I have generated this df
PredictionTargetDateEOM PredictionTargetDateBOM DayAfterTargetDateEOM business_days
0 2018-12-31 2018-12-01 2019-01-01 20
1 2019-01-31 2019-01-01 2019-02-01 21
2 2019-02-28 2019-02-01 2019-03-01 20
3 2018-11-30 2018-11-01 2018-12-01 21
4 2018-10-31 2018-10-01 2018-11-01 23
... ... ... ... ...
172422 2020-10-31 2020-10-01 2020-11-01 22
172423 2020-11-30 2020-11-01 2020-12-01 20
172424 2020-12-31 2020-12-01 2021-01-01 22
172425 2020-09-30 2020-09-01 2020-10-01 21
172426 2020-08-31 2020-08-01 2020-09-01 21
with this code:
predicted_df['PredictionTargetDateBOM'] = predicted_df.apply(lambda x: pd.to_datetime(x['PredictionTargetDateEOM']).replace(day=1), axis = 1) #Get first day of the target month
predicted_df['PredictionTargetDateEOM'] = pd.to_datetime(predicted_df['PredictionTargetDateEOM'])
predicted_df['DayAfterTargetDateEOM'] = predicted_df['PredictionTargetDateEOM'] + timedelta(days=1) #Get the first day of the month after target month. i.e. M+2
predicted_df['business_days_bankers'] = predicted_df.apply(lambda x: np.busday_count(x['PredictionTargetDateBOM'].date(), x['DayAfterTargetDateEOM'].date(), holidays=[list(holidays.US(years=x['PredictionTargetDateBOM'].year).keys())[index] for index in [list(holidays.US(years=x['PredictionTargetDateBOM'].year).values()).index(item) for item in rocket_holiday_including_observed if item in list(holidays.US(years=x['PredictionTargetDateBOM'].year).values())]] ), axis = 1) #Count number of business days of the target month
That counts the number of business days in the month of the PredictionTargetDateEOM
column based on Python's holiday
package, which is a dictionary that includes the following holidays:
2022-01-01 New Year's Day
2022-01-17 Martin Luther King Jr. Day
2022-02-21 Washington's Birthday
2022-05-30 Memorial Day
2022-06-19 Juneteenth National Independence Day
2022-06-20 Juneteenth National Independence Day (Observed)
2022-07-04 Independence Day
2022-09-05 Labor Day
2022-10-10 Columbus Day
2022-11-11 Veterans Day
2022-11-24 Thanksgiving
2022-12-25 Christmas Day
2022-12-26 Christmas Day (Observed)
However, I would like to replicate the business day count but instead use this list called rocket_holiday
as the reference for np.busday_count()
:
["New Year's Day",
'Martin Luther King Jr. Day',
'Memorial Day',
'Independence Day',
'Labor Day',
'Thanksgiving',
'Christmas Day',
"New Year's Day (Observed)",
'Martin Luther King Jr. Day (Observed)',
'Memorial Day (Observed)',
'Independence Day (Observed)',
'Labor Day (Observed)',
'Thanksgiving (Observed)',
'Christmas Day (Observed)']
So I've added this line
predicted_df['business_days_rocket'] = predicted_df.apply(lambda x: np.busday_count(x['PredictionTargetDateBOM'].date(), x['DayAfterTargetDateEOM'].date(), holidays=[rocket_holiday]), axis = 1)

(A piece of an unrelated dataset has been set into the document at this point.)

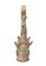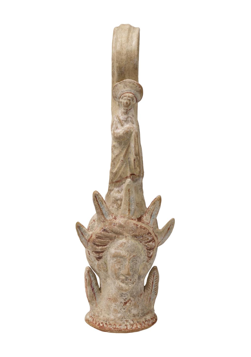 Testa femminile con viso allungato, capelli pettinati in ciocche parallele ai lati della fronte e raccolti da un sakkos ricamato a motivi cruciformi; la donna porta una stephane radiata a motivi fogliacei, orecchini circolari, collana dipinta in rosso e presenta due ulteriori foglie simmetrica alla base del collo. La testa è sormontata da un'ulteriore statuetta femminile con ampia corona a disco interamente panneggiata e appoggiata contro l'ansa

But I get the ValueError listed in the title of this question. I think the problem is that the first list is a dictionary with the dates of those holidays, so I need to write a function that could generate those dates for the holidays of the second list in a dynamic fashion based on year, and convert that list into a dictionary. Is there a way to do that with Python's holiday
package so that I don't have to hard-code the dates in?